A single pump of the fist will do and he is on his way back to continue the comeback, which he will complete just 18 minutes later. He is used to it. The player is on fire – it is his seventh goal in nine games for his club – and making game-changing plays is what he does. How does the song go again?
It’s Jozy Altidore / you know he’s gonna score / we’ll go wild wild wild / we’ll go wild wild wild.
That’s right. Jozy Altidore has just scored a 30 yard free kick with the finesse of a player who would probably never play for Sunderland again. It is the kind of goal that makes you feel like your club is missing out, and they are.
In February 2015, Jozy told the Toronto Sun that he turned down nine potential European options in Italy, France and Germany, as well as a loan to another Premier League club. Instead, he went to Toronto FC in an effort to revitalise his career, and has he ever?

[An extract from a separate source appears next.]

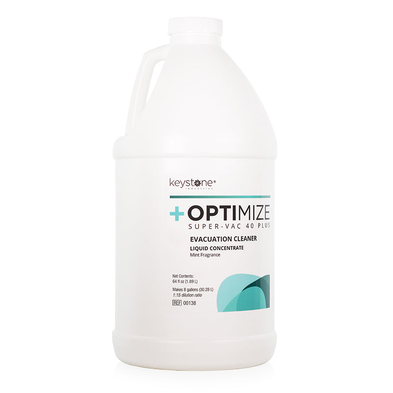 Latest generation of concentrated evacuation cleaner. Powerful multi-enzyme cleaner that deodorizes as it cleans with a pleasant mint fragrance. EPA-compliant and safe for use with amalgam separators. The non-foaming, environmentally-friendly, neutral pH formula dissolves organic fluids and debris. Recommended for daily use to maintain efficacy of evacuation equipment. Makes 8 gallons of solution.
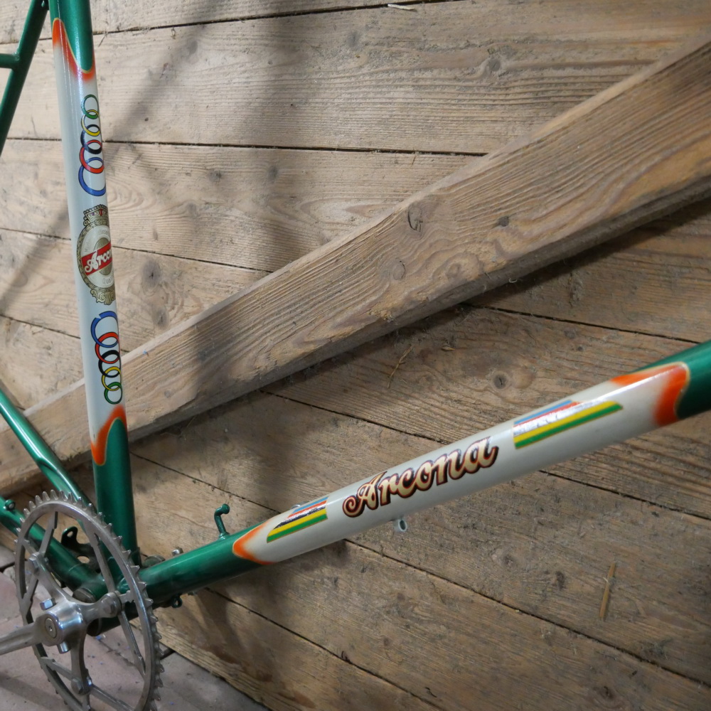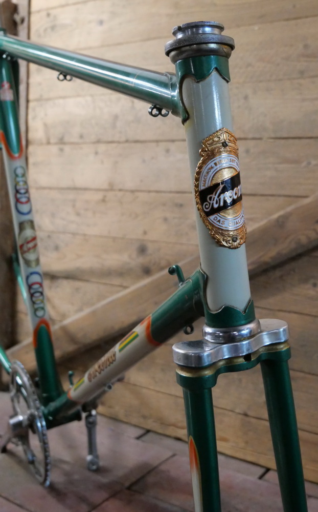 Fahrradrahmen Arcona, Herrenausführung für Sportrad, 26 Zoll, 1950er/60er J., Originallack grün/weiß, Goldlinien und Olympiadekor hochwertiges Fabrikat mit Nervexmuffen, Innenlager BSA und Kurbeln mit Keilbefestigung, Rahmennummer: 335XXX, Rahmenhöhe 59 cm, alte Neuware mit minimalen Lagerspuren, Zustand top, siehe Fotos

Altidore is an entirely different beast. Though he has always worn the physique of a player designed to bully backlines, it has never really matched his playing style. However, this offseason he dropped 10 pounds in an effort to improve his fitness and was the definition of a bully thereon. It was evident that this was a new and improved player, even if he was not scoring.
Pressing defences high up the pitch, making recoveries and tackles, dropping deep to support the midfield: does that sound like Altidore? Because that is the kind of player he is now.
In May, he went down with his second hamstring injury of the year, a result of the issues he has had for years prior. When he returned, he had an added edge, having finally sorted out the problem. Since coming back he is scoring or assisting a goal every 77 minutes (Jermain Defoe did the same only every 118).
Altidore has become a big game player for the Reds, having put up three goals and two assists in three MLS Playoff games this year, including two goals and one assist in a 7-0 aggregate rout of Patrick Vieira’s NYCFC.
More than that, Altidore has heart. When a dispute arose between the club and Inebriatti, a Toronto supporters’ group, he connected with the group. The game after the dispute had been resolved, he slalomed by USA teammates, Birnbaum and Hamid, before scoring and then jumped into the stands to celebrate.
Prior to this monumental shift, Altidore probably could have put in a solid contribution at a top tier club, as the European interest proves, but at 27-years-old and in the best fitness and form of his life I would argue that he would be more than an apt contributor at most clubs.
He is the very image of a striker you would love to see play for your team. He shows hustle, a nose for goal and heart, and thus your club is more than likely missing out.